(PROBLEM REQUIREMENTS)
Only the lines from the one that contains "A charming height" to the last line below, both included, should be transcribed. Pictures stay out of the copy.

(DATA EXCERPT)
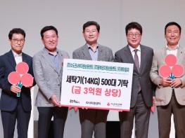 용인특례시는 24일 오후 시청 에이스홀에서 ㈜수도권서부자원순환센터, ㈜케이알씨, ㈜동북권자원순환센터, 경기사회복지공동모금회와 ‘리사이클센터 세탁기 기부 행사’를 열었다.‘아름다운 동행’이라는
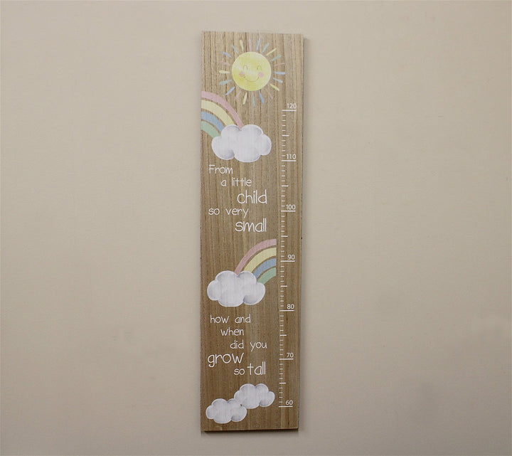A charming height chart in the style of a giant ruler. Decorated with a painted sunshine and rainbow design. With the words "From a little child so very small, how and when did you grow so tall?" This wall hanging height chart has two eyelet fittings on the reverse, 6.5 cm apart. To be hung 60cm above the floor. Measurements: D2 x H80.5 x W20cm
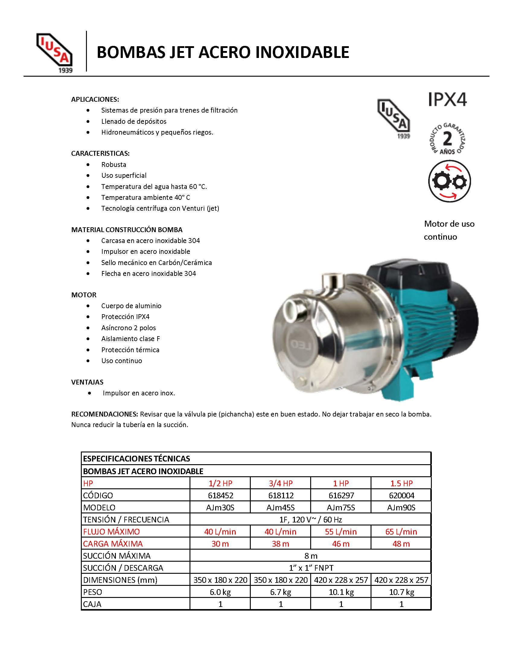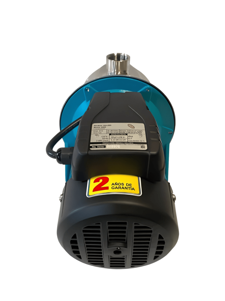Bomba eléctrica IUSA tipo jet con carcasa e impulsor en acero inoxidable, que permite manejar alta presión de agua gracias a su potente motor de 0.5 HP que brinda alto rendimiento con un flujo máximo de 40 L/min a una altura máxima de hasta 30 m, lo que la hace ideal para el manejo de agua potable, hidroneumáticos.
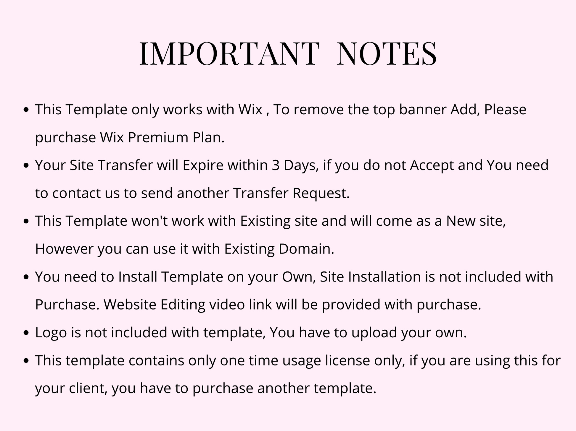 • This template is only works Wix not on other platforms.

(REPLY TO THE TASK)
A charming height chart in the style of a giant ruler. Decorated with a painted sunshine and rainbow design. With the words "From a little child so very small, how and when did you grow so tall?" This wall hanging height chart has two eyelet fittings on the reverse, 6.5 cm apart. To be hung 60cm above the floor. Measurements: D2 x H80.5 x W20cm
Bomba eléctrica IUSA tipo jet con carcasa e impulsor en acero inoxidable, que permite manejar alta presión de agua gracias a su potente motor de 0.5 HP que brinda alto rendimiento con un flujo máximo de 40 L/min a una altura máxima de hasta 30 m, lo que la hace ideal para el manejo de agua potable, hidroneumáticos.
 • This template is only works Wix not on other platforms.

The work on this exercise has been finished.